A new study by consulting firm Deloitte & Touche that Facebook commissioned has discovered that the social media outlet has a worldwide economic impact of $227 billion and has created 4.5 million jobs. With business advertising, a games section, marketing tools, mobile applications and a userbase of more than one billion individuals, it can be difficult to dispute the report.
According to the data, Facebook gives North America a $104 billion boost and 1.2 million jobs; Europe, the Middle East and Africa receive a $70 billion impact with 1.5 million jobs; Central and South America get $21 billion in economic growth with 600,000 jobs; and the Asia Pacific region is allocated with a $35 billion short in the arm and 1.3 million jobs.
“Our study finds that Facebook enables significant global economic activity by helping to unlock new opportunities through connecting people and businesses, lowering barriers to marketing, and stimulating innovation,” said Jolyon Barker, Deloitte’s Global Managing Director of Technology, Media & Telecommunications, in a statement.
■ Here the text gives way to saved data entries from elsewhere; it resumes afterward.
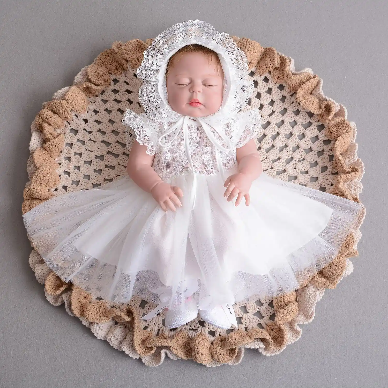 White Net Baptism style Frock with matching hat 0-2Years
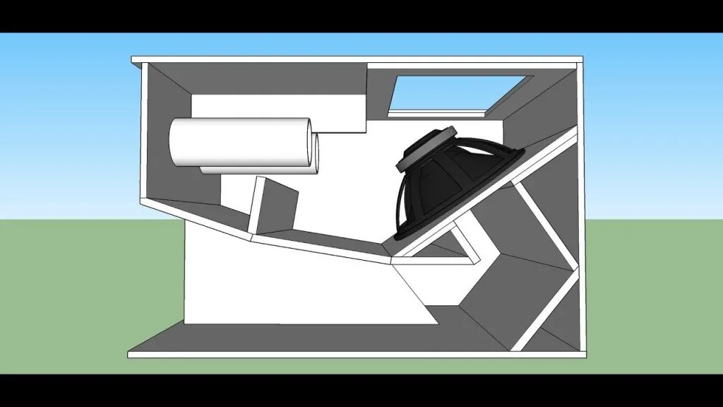- с 2-камерным корпусом bandpass, внутренним встроенным динамиком и отводным отверстием – фазоинвертором (в пассивном или актив-сабе).
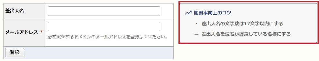 Fromアドレスを設定する画面では、そうした差出人名を設定する上で押さえておくべきコツを表示しています。
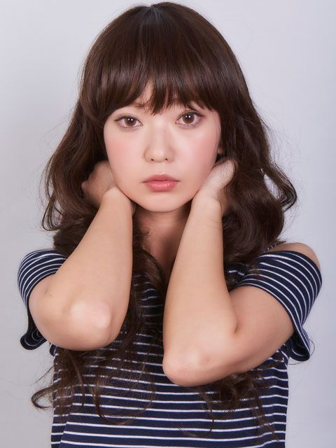 ★小顔バング、ラブでカジュアルな質感のロングウェーブスタル。全体はおさまりのよいレイヤーベースで動き、軽さを出して。
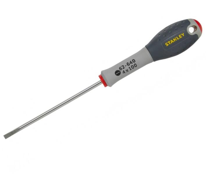 STANLEY FATMAX 4X100MM ROZSDAMENTES Rozsdam entes acél csavarhúzó párhuzamos Edzett acél rúd a tartósság érdekében Precíziós megmunkálású, kiváló fej rögzítő illeszkedés A három anyagú fogantyú kényelmes és biztos fogást eredményez Belső anyag közvetlenül a pengére öntve A nagy átmérőjű fogantyú gyors és kiváló nyomatékátvitelt eredményez Színkód
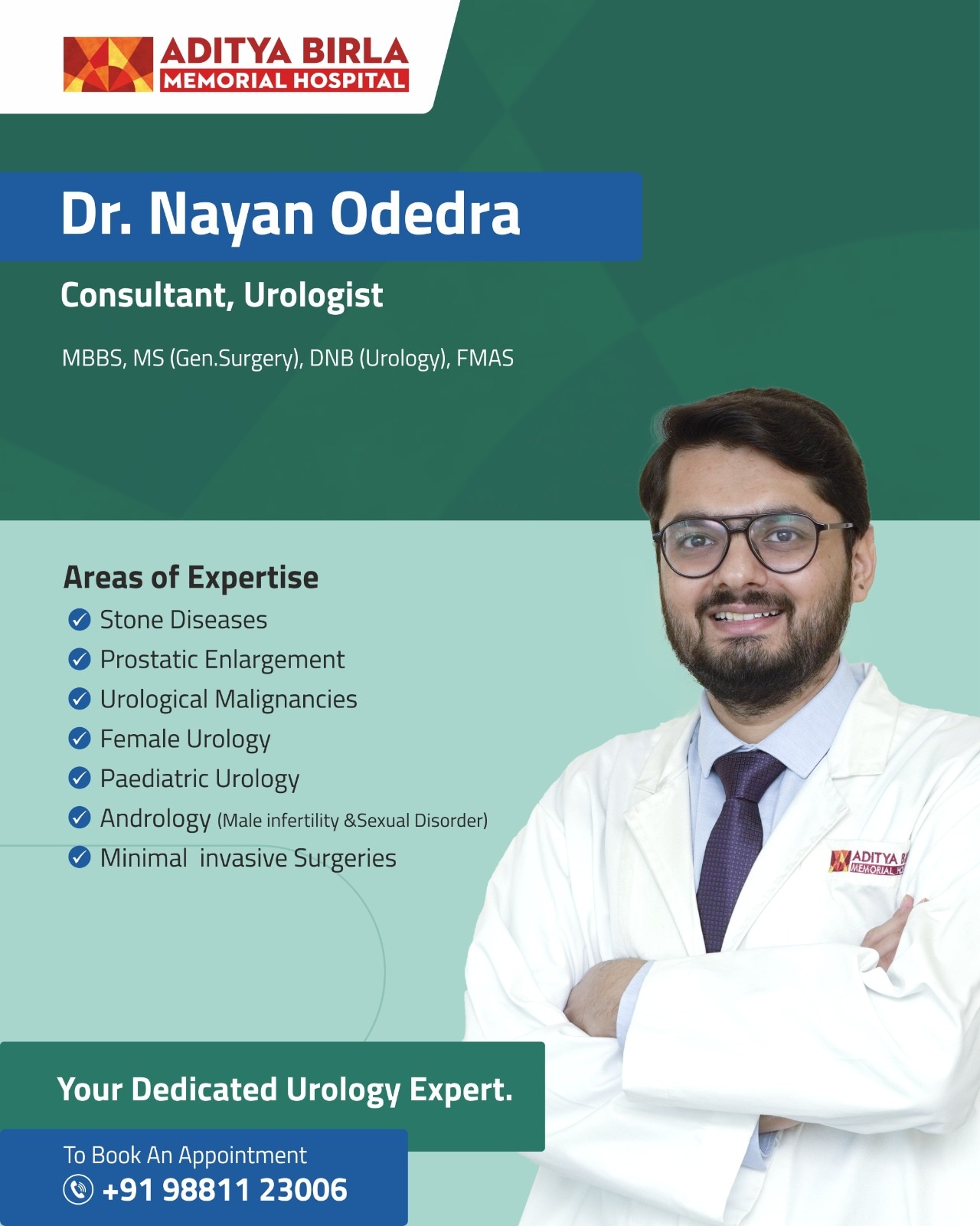 Dr Nayan Odedra is recognised as one of the leading and best Urologist in PCMC., we are committed to providing expert care in the diagnosis and treatment of urinary tract and male reproductive system disorders. Led by Dr. Nayan Odedra, a highly experienced and compassionate Urologist, our clinic offers advanced medical and surgical solutions tailored to each patient's unique needs. With years of clinical expertise, Dr.Nayan Odedra specializes in treating conditions such as kidney stones, prostate enlargement, urinary infections, male infertility, erectile dysfunction, and urological cancers. Utilizing state-of-the-art diagnostic tools and minimally invasive techniques, we aim to ensure precise diagnosis, effective treatment, and faster recovery. We believe in a patient-first approach, where confidentiality, comfort, and clarity are at the heart of everything we do. Whether it's routine urological care or complex surgery, you can trust us for ethical, evidence-based, and personalized treatment. Let us help you lead a healthier, more confident life — because your urological health matters.
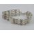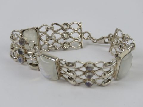 A silver and moonstone bracelet, three rectangular cut moonstone cabacons with rows of small round cut cabachons between, approx 1.6cm wide, 18-20cm in length. In presentation box.
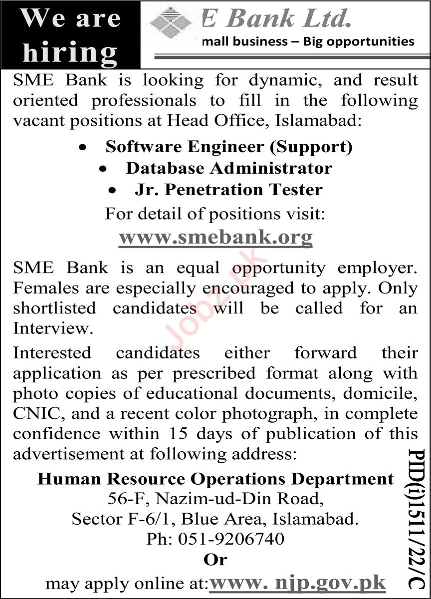 Vacant posts including software engineer, software support engineer, penetration tester and database administrator are announced in SME Bank Limited Islamabad, islamabad Islamabad Pakistan as per 11 September 2022 advertisement in daily Nawaiwaqt Newspaper. Preferred Education is Bachelor and Master etc.

Facebook maintains a wide variety of revenue streams – from direct advertising sales to its auto-play video ads – and this isn’t just benefitting the social network but other people as well. Facebook Chief Operating Officer Sheryl Sandberg told Reuters on Friday that individuals all over the world are finding new business opportunities because of the website.
“People believe that technology creates jobs in the tech sector and destroys jobs everywhere else. This report shows that’s not true,” said Sandberg. We’re no longer in a place where large companies can create the jobs the world needs.”
This new information will give Sandberg something to talk about when she participates in Davos, Switzerland for the World Economic Forum this week.
However, there are some detractors of the report, the Wall Street Journal says. Ostensibly, various independent economists criticized both Deloitte and Facebook for using questionable methodology to compile the report as well as giving every single “Like” a value and assuming that Facebook is responsible for one-sixth of smartphone sales.
Stanford economist Roger Noll told the business newspaper that the results have relatively zero meaning and that the social network “is an effect, not a cause” for substantial economic growth in these regions. Meanwhile, Tyler Cowen, a professor of economics at George Mason University, suggests that Facebook is unlikely to be responsible for as many jobs or economic growth as the report avers.
In other words, smartphones allow users to peruse Facebook and not the other way around.
Sandberg disagrees and retorted that Facebook is a significant component in technology.
“We know Facebook is one of the main drivers of why people buy phones, particularly in the developing world,” she said. “People will walk into phone stores and say ‘I want Facebook.’ People actually confuse Facebook and the internet in some places. We take our responsibility to be good corporate citizens really seriously.”
It may appear that the cantankerous economists may wish Facebook would finally roll out the “dislike” button for this report.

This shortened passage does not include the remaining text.